Or maybe I'm confused by the term "build/installation tool" - by that
did you actually mean pip, rather than the build system?
(TBDs omitted)
> Source distributions
> ====================
>
> [possibly this should get split off into a separate PEP, but I'll keep
> it together for now for ease of discussion]
>
> A "version 1" (or greater) source distribution is a file meeting the
> following criteria:
>
> - It MUST have a name of the form: {PACKAGE}-{VERSION}.{EXT}, where
> {PACKAGE} is the package name, {VERSION} is a PEP 440-compliant
> version number, and {EXT} is a compliant archive format.
>
> The set of compliant archive formats is: zip, [TBD]
>
> [QUESTION: should we continue to allow .tar.gz and friends? In
> practice by "allow" I mean something like "accept new-style sdists on
> PyPI in this format". I'm inclined not to -- zip is the most
> universally supported format around, it allows file-based random
> access (unlike tar-based things) which is useful for pulling out
> metadata without decompressing the whole thing, and standardizing on
> one format dodges distracting and pointless discussions about which
> format to use, i.e. it's TOOWTDI-compliant. Of course pip is free to
> continue to support other archive formats when passed explicitly on
> the command line. Any objections?]
+1 on having a single archive format, and zip seems like the best choice.

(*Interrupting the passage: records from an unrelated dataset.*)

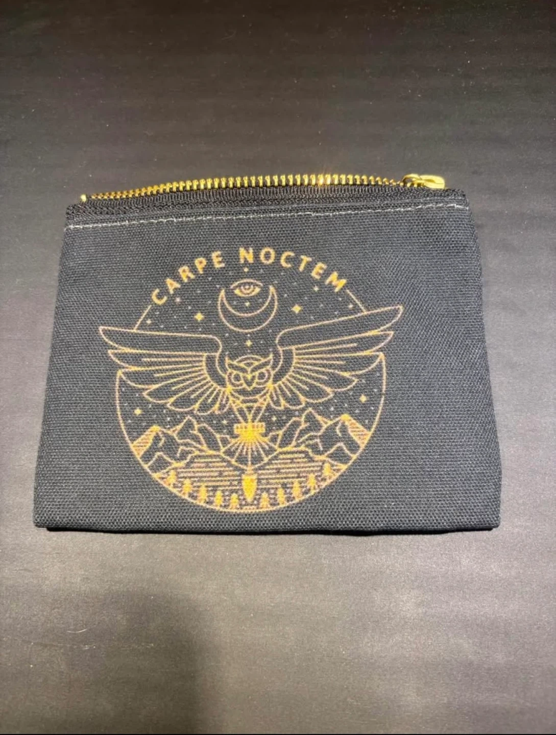 I'm selling a black coin purse with the words 'Carpe Noctem' and an owl design on the front.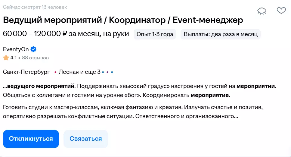 - Сложности с чёткими границами работы. Общение не всегда можно уместить в рамки стандартного восьмичасового дня. Подготовка к мероприятию, ответ клиенту в нерабочее время, «горящие» задачи — всё это часто размывает границу между работой и личной жизнью. Профессия может потребовать постоянной включённости.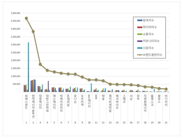 한편, 이넷뉴스 에너지 톱 브랜드위원회와 한국기업평판연구소는 매달 국내 에너지 기업 및 브랜드 평판지수를 측정해 변화량을 발표하고 있다. 국내 에너지 업계 현황을 파악하고, 에너지 산업을 전망하는 데 중요 지표가 되고 있다는 평가를 받고 있다.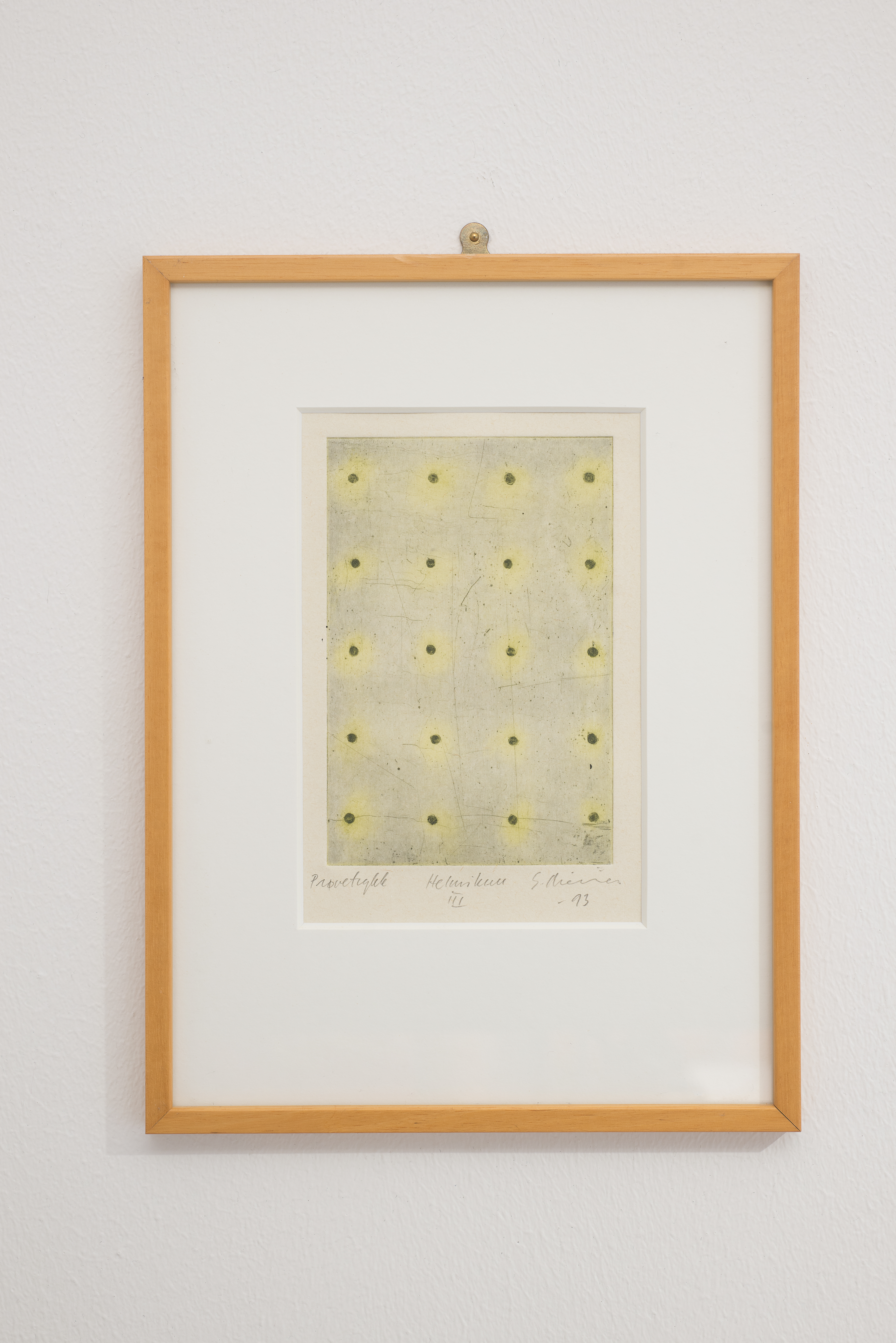 Stålbanda i trapperommet og veggen med veggskulpturane spelar mot kvarandre gjennom motsetningar i uttrykk og likskapar i materiale. Desse maskinelt produserte verka vert igjen kontrastert av Nieminens 16 grafiske arbeid i kantina. Uttrykket til dei handlaga kaldnålsraderingane skaper ei intim atmosfære.

> Similar to wheels, the archive is Unicode, and the filenames inside
> the archive are encoded in UTF-8.
This isn't the job of the sdist format to specify. It should be
implicit in the choice of archive format.
Having said that, I'd go with
1. The sdist filename MUST support the full range of package names as
specified in PEP 426 (https://www.python.org/dev/peps/pep-0426/#name)
and versions as in PEP 440
(https://www.python.org/dev/peps/pep-0440/). That's actually far less
than full Unicode.
2. The archive format MUST support arbitrary Unicode filenames. That
means zip is OK, but tar.gz isn't unless you specify UTF-8 is used
(the tar format doesn't allow for an encoding declaration - see
https://docs.python.org/3.5/library/tarfile.html#tar-unicode for
details on Unicode issues in the tar format).
Having said that I'd also go with "filenames in the archive SHOULD be
limited to ASCII" - because we have had issues with pip where test
files have Unicode filenames, and builds break because they get
mangled on systems with weird encoding setups... IIRC, these are
typically related to .tar.gz sdists, which (due to the lack of
encoding support) result in files being unpacked with the wrong names.
So maybe if we enforce zip format we don't need to add this
limitation.
> - When unpacked, it MUST contain a single directory directory tree
> named ``{PACKAGE}-{VERSION}``.
>
> - This directory tree MUST be a valid version 1 (or greater) source
> tree as defined above.
>
> - It MUST additionally contain a directory named
> ``{PACKAGE}-{VERSION}.sdist-info`` (notice the ``s``), with the
> following contents:
>
> - ``SDIST``: Mandatory. Same record-oriented format as a wheel's
> ``WHEEL`` file, but with different fields::
>
> SDist-Version: 1.0
> Generator: setuptools sdist 20.1
>
> ``SDist-Version`` is the version number of this specification.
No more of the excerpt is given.